Our experiments reveal that pseudo-colorization is an effective extension to autoencoding for pre-training on cell images. Pseudo-color autoencoding with pseudo-spectral colormaps, which approximate the semantics of cell images, yields the best results on fluorescence microscopy images. As recently shown for natural images [37], the combination of standalone self-supervision objectives with masked image modeling can also further improve performance on biomedical cell images. The proposed unique combination of pseudo-color autoencoding and masked image modeling for cell images can outperform several autoencoding schemes, contrastive learning, and edge-based self-supervision. Our proposed masking scheme consists of smaller patches and covers a much smaller area of images than the typical masking scheme of masked autoencoders. This prevents object instances from being completely masked. We found this to be beneficial for subsequent training on object detection in our experiments.
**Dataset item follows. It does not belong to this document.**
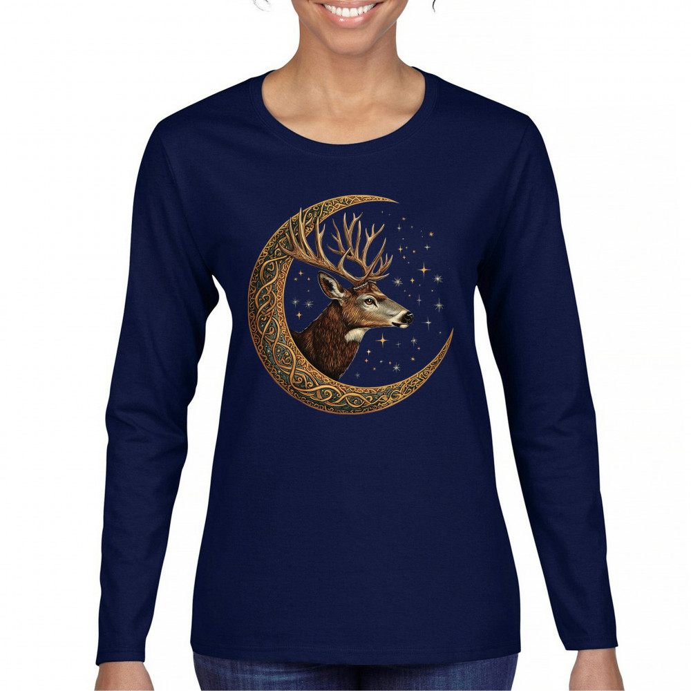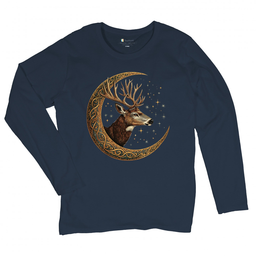 Majestic deer in Celtic moon with stars—symbol of protection, nature, and cosmic wisdom. A mystical gift for hunters, druids, and forest lovers.

Our CellCentroidFormer model with a ViT backbone achieves the computational efficiency of masked autoencoders since only unmasked patches are processed in the backbone during pre-training. Our CellCentroidFormer model with an EfficientNet backbone has no special mechanism to suppress the artificial edges added by masking. Nevertheless, as shown in Fig 1(c), no edge artifacts are visible in the reconstructions. We hypothesize that the self-attention layers in the neck part of our model help to suppress these edge artifacts, since self-attention can be understood as a form of generalized spatial smoothing [38]. However, it is plausible that our method can be further improved by using masked convolutions [12] instead of regular convolutions to suppress artificial edges. To this end, we show that our proposed pre-training method can achieve good performance on small cell image datasets using an autoencoder-like model without special architectural modifications.

Data Availability

All used datasets are available from http://celltrackingchallenge.net/datasets/.

Funding Statement

The author(s) received no specific funding for this work.